Ok, not really a problem - we do similar for the regular QEMU driver.
* Lacks of options for user's configuration, such as "-vnc", there
is no option for user to configure the properties for the "vnc",
such as the port. It hides things, doesn't provide ways to query
the properties too, this causes problems for libvirt to add the
vnc support, as vnc clients such as virt-manager, virt-viewer,
have no way to connect the guest. Even vncviewer can't.
Being able to specify a VNC port of libvirt's choosing is pretty
much mandatory to be able to support that.In addition being able
to specify the bind address is important to be able to control
security. eg to only bind to 127.0.0.1, or only to certain NICs
in a multi-NIC host.
* KVM tool manages the network completely itself (with DHCP support?),
no way to configure, except specify the modes (user|tap|none). I
have not test it yet, but it should need explicit script to setup
the network rules(e.g. NAT) for the guest access outside world.
Anyway, there is no way for libvirt to control the guest network.
If KVM tool support TAP devices, can't be do whatever we like with
that just by passing in a configured TAP device from libvir ?
* There is a gap about the domain status between KVM tool and libvirt,
it's caused by KVM tool unlink()s the guest socket when user exits
from console (both text and graphic), but libvirt still think the
guest is running.
Being able to reliably detect shutdown/exit of the KVM too is
a very important tasks, and we can't rely on waitpid/SIG_CHLD
because we want to daemonize all instances wrt libvirtd.
In the QEMU driver we keep open a socket to the monitor, and
when we see an I/O error / POLLHUP on the socket we know that
QEMU has quit.
What is this guest socket used for ? Could libvirt keep open a
connection to it ?
One other option would be to use inotify to watch for deletion
of the guest socket in the filesystem.
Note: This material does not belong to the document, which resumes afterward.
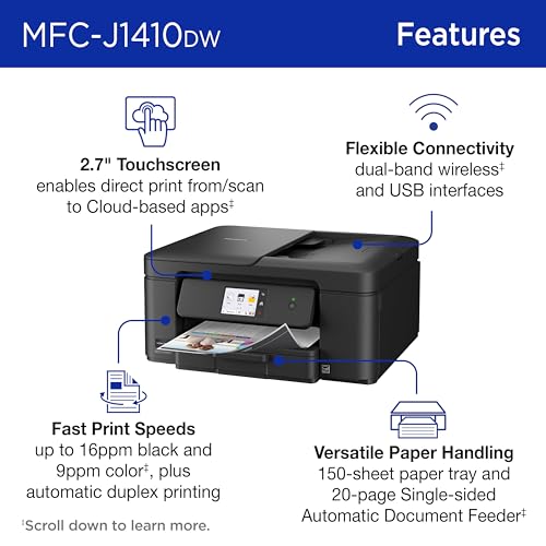 Experience true reliability, efficiency, and ease of use with the Brother Work Smart 1410 Wireless Color Inkjet All-in-One Printer. Brother inkjet printers produce beautiful prints in vibrant color or rich black & white for results you can be proud of, from to-do lists and home calendars to flyers and business reports. A 2.7” color touchscreen display lets you connect to popular Cloud apps(2) directly from your printer. Automatic duplex printing, a 20-sheet single-sided automatic document feeder(3) and flatbed scanner/copier capabilities, and a 150-page paper tray(3) bring modern convenience to this compact printer. Engineered to produce great prints, this color inkjet printer outputs vibrant colors and bold, rich blacks at fast print speeds, and Page Gauge(6) monitors your ink usage so you know when you’re running low. When paired with the Brother Mobile Connect app, setup is quick and easy – plus, you can print from virtually anywhere on your mobile device(5). Print Confidently with Brother Genuine LC501 Ink in your Work Smart 1410 for reliable, consistent prints – with multipack and high yield cartridge options for added convenience. Try one of our smart delivery systems with Refresh and have your ink delivered automatically, before you run out. Includes a 2-month FREE Refresh EZ Print Subscription Trial(1) and built-in savings of up to 50%(7). Disclaimers: (1) Refresh Free Trial requires enrollment in a monthly billed Brother Refresh EZ Print Subscription service plan based on monthly printed page allotments. Unused pages roll over, limitations apply. Additional page set charges and taxes apply during trial. Plan, options offer and pricing subject to change. Open to new subscribers located in the contiguous United States only. After the free trial period, your credit card will be charged on a monthly basis for the Plan Fee, Overages and Taxes in accordance with the Terms of Service. Overage fees will apply during free trial. Your service will continue on a month-to-month basis until you cancel it. May be canceled at any time. Upon cancelation, cartridge will be deactivated and must be replaced at user’s expense in order to continue printing. For full details or to enroll, visit: https://www.brother-usa.com/supplies/subscription-info (2) Requires an internet connection and an account with desired service. (3) Maximum Capacity based on using 20lb. paper. (4) Based on ISO/IEC 24734 (after first set of ISO test pages). For inkjet print speed methodology, please visit www.brother-usa.com/printspeed. (5) Free Brother Mobile Connect App download, wireless connection and connection of an eligible printer with Brother are required. Compatibility may vary by device, operating system and country. (6) Page Gauge is an estimate for informational purposes only. For actual cartridge yield information refer to go.brother/pageyield. (7) Based on combined value of the included extended limited warranty plus monthly subscription cost in U.S. vs. purchase of an extended limited warranty plus average cost per page of standard replacement cartridges. Savings will vary based on Refresh EZ Print Subscription plan selected.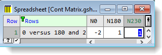 When we click OK, a Genstat spreadsheet opens containing the contrast matrix Cont whose name was specified in the Contrast matrix field; this name was selected automatically by the ANOVA Contrasts menu, but you can specify your own name if you prefer, or if you have already formed a suitable matrix. You use the spreadsheet to specify the coefficients that define the comparison. In the Figure below the matrix defines the comparison: N0 vs (N180 + N230)/2.

This is sortof what we
do with the UML driver.
* KVM tool uses $HOME/.kvm_tool as the state dir, and no way to configure,
I made a small patch to allow KVM tool accept a ENV variable,
which is "KVM_STATE_DIR", it's used across the driver. I made a
simple patch against kvm tool to let the whole patches work. See
"[PATCH] kvm tools.....". As generally we want the state dir of
a driver can be "/var/run/libvirt/kvmtool/..." for root user or
"$HOME/.libvirt/kvmtool/run" for non-root user.
What does it do with the state dir ? Is that just for storing the
guest socket ?
With QEMU we chose $HOME/.libvirt/qemu or /var/run/libvirt because
there was no policy set by QEMU itself. If KVM tool has a policy
for where it stores its state, we should just use that, and not
try to force it into a libvirt specific location.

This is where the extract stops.